Nothing but an exact repeat of the data, with pictures removed, belongs in the answer.
··· DATA SHOWN
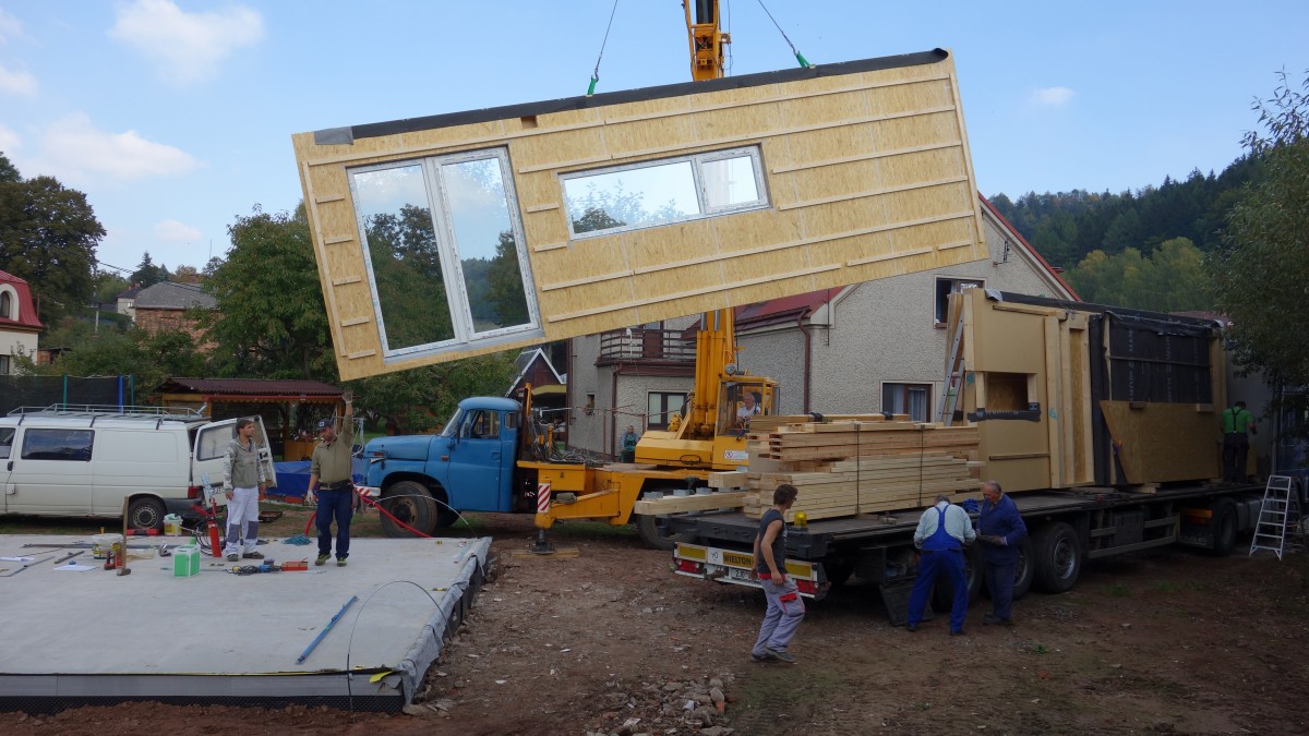Pomocí jeřábu se panely vyložily a následně smontovaly
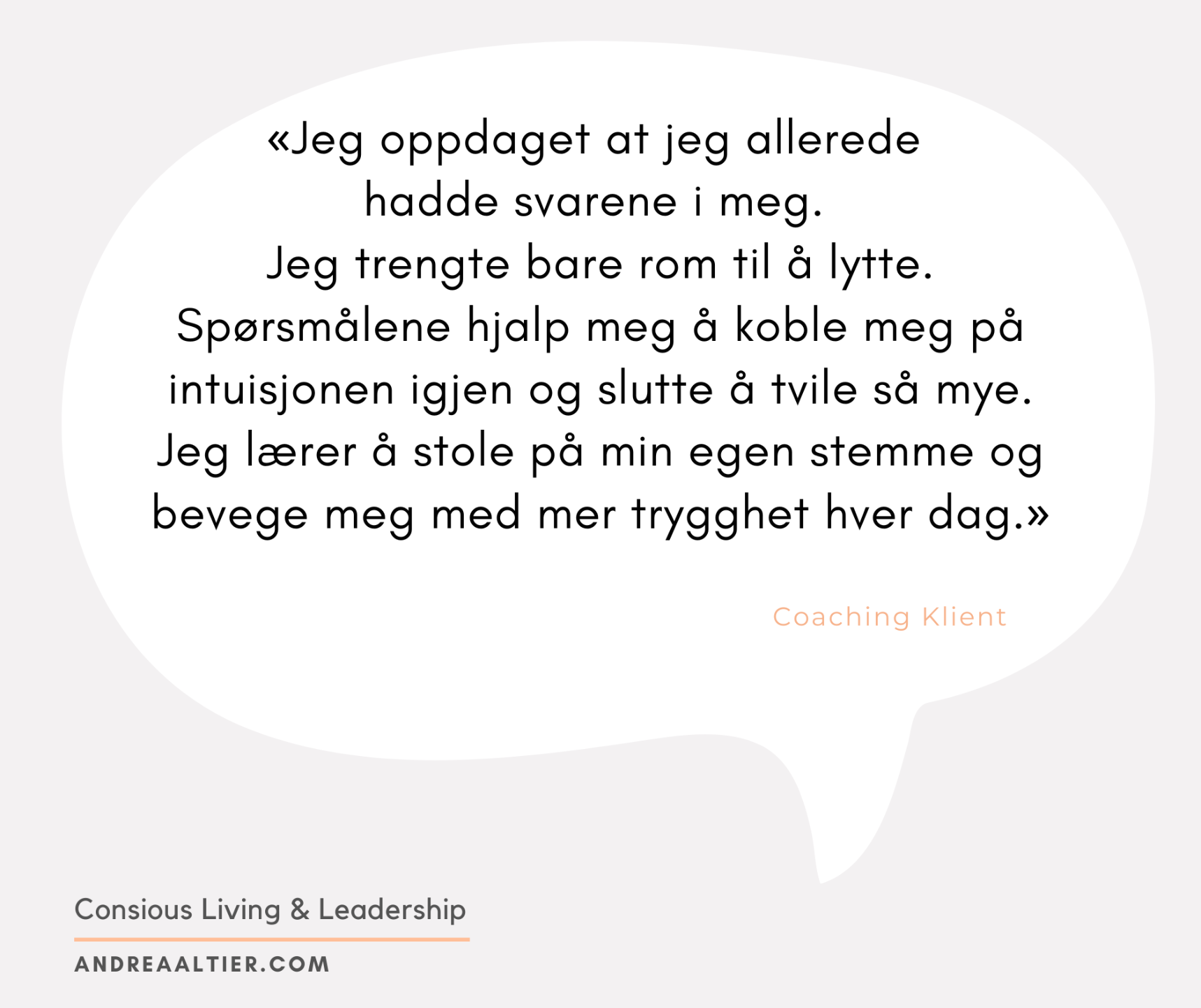Innsikt og refleksjoner fra mennesker som har opplevd transformasjon gjennom coaching og mentoring ved å utforske bevissthet, intuisjon og bevisst lederskap i praksis.
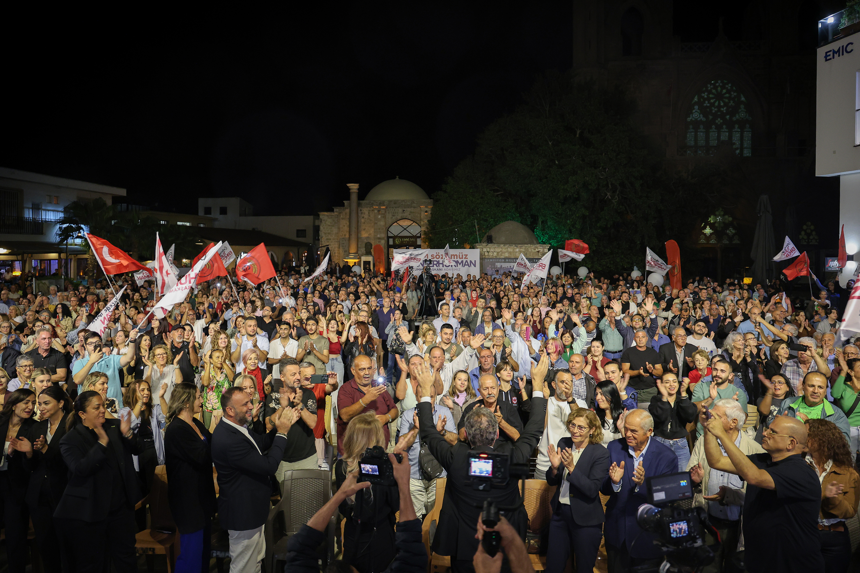 Tufan Erhürman, “Lefkoşa’da Kızılbaş’ta başladık, kıpırtı başladı. Girne’de kalede büyüdü. Köyleri gezdik. Değirmenlik’te öyle bir kalabalık oldu ki aman Allah’ım. Sonra Güzelyurt ve İskele’yi gördük, Gazimağusa’yı gördük; şimdi gördük ki, umut geri geldi insanlara. İnsanlarımız değişime, umuda karar verdi. İnsanlarımız ‘mutsuzluğa, umutsuzluğa teslim olmayacağız; teslimiyeti değil, temsiliyeti seçiyoruz’ dediler. ‘İtibarı, güveni seçiyoruz dediler’” dedi.
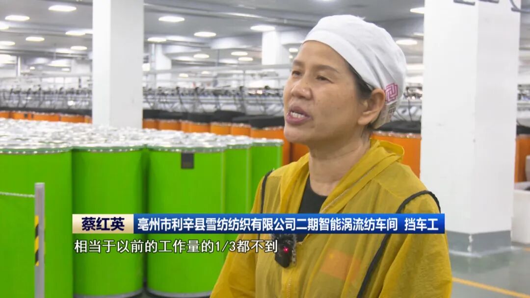 在亳州市利辛县,雪纺纺织刚投产的智能涡流纺机正高速运转、吞纱吐丝。干了30多年挡车工的蔡红英,只需轻点电子屏幕,就能轻松控制7台纺机,600多枚纱锭以平均每分钟500米的速度纺纱成线。
······
### WRITTEN SOLUTION
Pomocí jeřábu se panely vyložily a následně smontovaly
Innsikt og refleksjoner fra mennesker som har opplevd transformasjon gjennom coaching og mentoring ved å utforske bevissthet, intuisjon og bevisst lederskap i praksis.
 Tufan Erhürman, “Lefkoşa’da Kızılbaş’ta başladık, kıpırtı başladı. Girne’de kalede büyüdü. Köyleri gezdik. Değirmenlik’te öyle bir kalabalık oldu ki aman Allah’ım. Sonra Güzelyurt ve İskele’yi gördük, Gazimağusa’yı gördük; şimdi gördük ki, umut geri geldi insanlara. İnsanlarımız değişime, umuda karar verdi. İnsanlarımız ‘mutsuzluğa, umutsuzluğa teslim olmayacağız; teslimiyeti değil, temsiliyeti seçiyoruz’ dediler. ‘İtibarı, güveni seçiyoruz dediler’” dedi.
 在亳州市利辛县,雪纺纺织刚投产的智能涡流纺机正高速运转、吞纱吐丝。干了30多年挡车工的蔡红英,只需轻点电子屏幕,就能轻松控制7台纺机,600多枚纱锭以平均每分钟500米的速度纺纱成线。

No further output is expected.